From the 22 FAP/AFAP patients found negative for germline APC mutations, biallelic MUTYH mutations accounted for five (23 %) cases, increasing the overall mutation detection rate to 80 %. Of the two mutations most frequently reported in the literature to date, p.Tyr179Cys and p.Gly396Asp, (responsible for ~80 % of pathogenic variants found in European populations [83]), only the former was found in one case, emphasizing the need to determine the possibly characteristic population-specific mutation patterns by a comprehensive screening of the whole coding sequence for the gene for all populations studied.

Understanding genotype–phenotype correlations is useful for the clinical management of (A)FAP families [810], but the relationships between the locations of the APC mutations and certain extracolonic manifestations are still not fully delineated, and as more patients are diagnosed with (A)FAP, a broader range of extracolonic manifestations has come to be recognized in this group. For our sample set the extracolonic manifestations were rarely reported, so the only statistically significant correlation we could demonstrate was the association between the age of disease onset and the location of the APC mutation in the codon 1200–1400 region, which is in agreement with several previous reports [46, 60, 8487].

The inherent variability of the (A)FAP phenotype and also the overlap between APC- and MUTYH-linked phenotypes (that is, MUTYH mutations can be associated with classical FAP features) necessitate a more comprehensive approach for FAP screening to increase mutation detection yield. A combined analysis of the two genes with techniques allowing for the detection of both point mutations and large genomic alterations is needed for the exhaustive mutation testing of both classical FAP and attenuated FAP cases [13, 88, 89].

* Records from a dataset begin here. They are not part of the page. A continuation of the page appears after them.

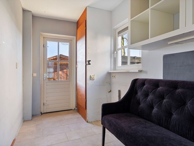 Vanuit de keuken is de bijkeuken toegankelijk. Deze praktische ruimte is ideaal voor het plaatsen van een was-droogcombinatie en een extra koelkast. Tevens is hier de cv-ketel geplaatst en heeft u vanuit de bijkeuken direct toegang tot de tuin.
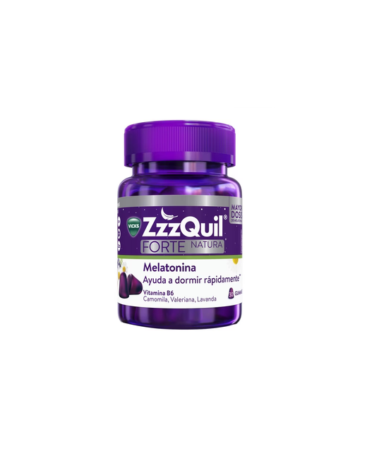 ZZZQuil Forte Gummies és un complement alimentari en format gomina, formulat amb melatonina, extractes de plantes (com valeriana, camomil·la i lavanda) i vitamina B6, dissenyat per ajudar-te a agafar el son de forma natural, sense crear dependència. El seu format en gominoles el fa agradable i fàcil de prendre, ideal per a persones que tenen dificultats per empassar càpsules o comprimits.
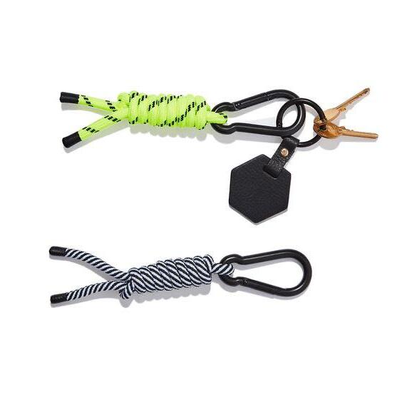 as cordas e mosquetões coloridos que se tornaram códigos identifcáveis do estilista, segundo ele: “era o que havia disponível. comprava na loja de construção vizinha à minha casa”.
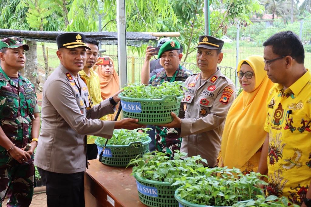 Kemudian dilanjutkan dengan penyerahan secara simbolis bantuan bibit Cabai Tampaning oleh Kapolres Soppeng AKBP Dr.H.Muh.Yusuf Usman,S.H,S.I.K,M.T.CIPA serta Dandim 1423/Soppeng.Letkol inf Reinhard Haposan Manurung SP.d , ke Kapolsek Marioriwawo ,Danramil Marioriwawo,Kepala Sekolah SMK Tanjonge,Kepala sekolah SMP 1 Marioriwawo,Kepala sekolah SD Pajalesang,Kepala TK Barata dan Ketua Gapoktan Desa Goarie.
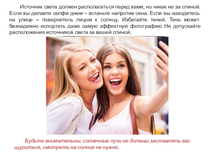 Если вы делаете селфи днем – встаньте напротив окна. Если вы находитесь на улице – повернитесь лицом к солнцу. Избегайте теней. Тень может безнадежно испортить даже самую эффектную фотографию. Не допускайте расположения источников света за вашей спиной.
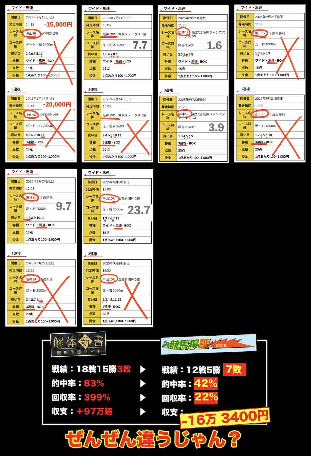 集客サイトによる戦績では、的中率75%、回収率250%だったが、競馬検証.comが全く同じ条件で検証したところ、12戦1勝11敗、的中率8%、回収率17%、収支は−12万1880円となった。ぜんぜん違う結果じゃないか。

Finally, our patient series includes 17 families with no germline APC or MUTYH mutation detected, although ten of them belong to the classical FAP group with profuse polyposis. In these cases the age of disease onset was significantly older than that of the APC mutation carriers (34.5 vs. 26.7 years, p = 0.018), and almost 10 years younger than those with biallelic MUTYH mutations (44 years). Since APC/MUTYH-negative cases are noticeably enriched in AFAP patients, while the mutation positive group in classical FAP cases, we also compared age of onset data separately for the FAP and AFAP groups, and found no significant difference between mutation negative and positive cases (p = 0.18 for the AFAP and p = 0.3 for the FAP group). Mutation negative cases raise the possibility of yet uncovered genetic heterogeneity of FAP, the possible role of other predisposing genes [90, 91], but also the incompleteness of the routinely used mutation screening techniques: ignored, but potentially regulatory regions in introns or even outside the gene boundaries may also contribute to inactivation of a predisposing gene [73, 9296].